Can someone shed some light here?
Regards
Alex


----------



## Kroontje (Dec 30, 2015)

Hello

This works fine 
http://www.lightroomfocuspointsplugin.com


----------



## Johan Elzenga (Dec 30, 2015)

Please note that this plugin shows you which focus point the camera used. That is not the same as showing you which part(s) of the image are in focus, especially if you used a technique called 'focus, then recompose'. I don't think there is a plugin that can show you which part(s) of the image are in focus, by the way.


----------



## Kroontje (Dec 30, 2015)

If the focus point is not sharp....you  can see what is after in LR
Must be close by. Or it is way off.


----------



## Johan Elzenga (Dec 31, 2015)

If you 'focus, then recompose', you do the following: you first aim your camera at the subject and focus, then you lock focus and move the camera so that the subject is no longer underneath that focus point. In Lightroom, you can highlight that focus point with the plugin, but it won't be over the place you really focused on.


----------



## johnbeardy (Dec 31, 2015)

It's a shame really, and I'd love Lightroom to offer something like CaptureOne's focus mask.

John


----------



## alaios (Dec 31, 2015)

Yes I am talking about capture ones focus mask.. nto showing the focus point I used in my camera....
I guess it should be somewhere implemented as plugin


----------



## Johan Elzenga (Dec 31, 2015)

alaios said:


> Yes I am talking about capture ones focus mask.. nto showing the focus point I used in my camera....
> I guess it should be somewhere implemented as plugin



Not that I know of.


----------



## tspear (Jan 1, 2016)

The math to determine the focus point must be impressive. Also, how does it deal with multiple focus points used by the camera and the camera then averages.
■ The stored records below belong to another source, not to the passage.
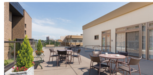
さわやかな風につつまれるルーフバルコニー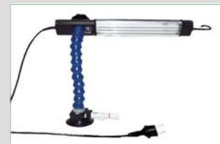
Art.nr. 6548 Dent-Light met Zuignap- bevestiging, 220 Volt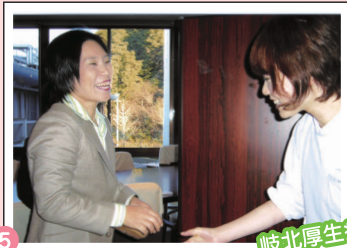
5 岐北厚生病院 挨拶 ミニ集会

The result is nothing is in perfect focus?

Tim


----------



## johnbeardy (Jan 1, 2016)

It ignores focus points and just analyses local sharpness in the image. It's not perfect, but one doesn't need perfect. A couple of green blobs over the eyes in one frame quickly tells you it's sharper than the following frames where the green blobs are on the background, for instance.


----------



## alaios (Jan 2, 2016)

I hope this post would get attention from adobe to implement such a useful feature
Alex


----------



## Jim Wilde (Jan 2, 2016)

Adobe very rarely visit here. If you want to make an official feature request, use the link at the top of the page.


----------



## alaios (Jan 3, 2016)

thanks. In case someone finds such a plugin please inform us here


----------



## RML (Jan 27, 2016)

Maybe this plug-in can fulfill the requests?
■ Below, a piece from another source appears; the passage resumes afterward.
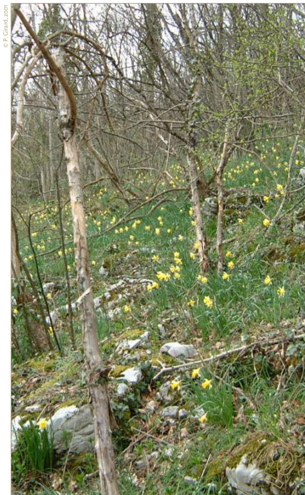
Jonquilles en sous-bois près du Belvédère

Dès l'arrivée du printemps, de nombreux Voreppins empruntent le sentier du Belvédère à Chalais, facile d'accès, pour y admirer les jonquilles égayant les sous-bois.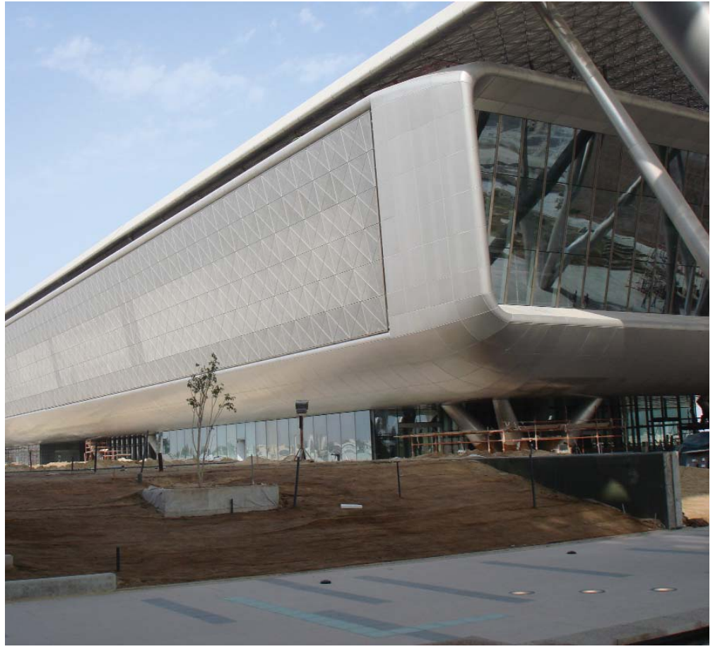
Katar Eğitim ve Teknoloji Kurumu, Çatı - Cephe Kaplama İmalatları

http://www.capturemonkey.com/focusmask
(Lightroom plugin for previewing in-focus areas)
Here a part of  description from author:
The plugin opens with either single image, or several, depending on your 
current selection. In single image mode, the photo is shown in larger 
size, and in multiple images, the view can be scrolled. Currently, the 
amount of images is restricted to 32.

On top of each image, you can see a pure red mask, which indicates the 
areas with most detail. Note that this does not necessarily mean that your 
image has acceptable sharpness, but it is generally a good indication of 
how sharp the image is.


----------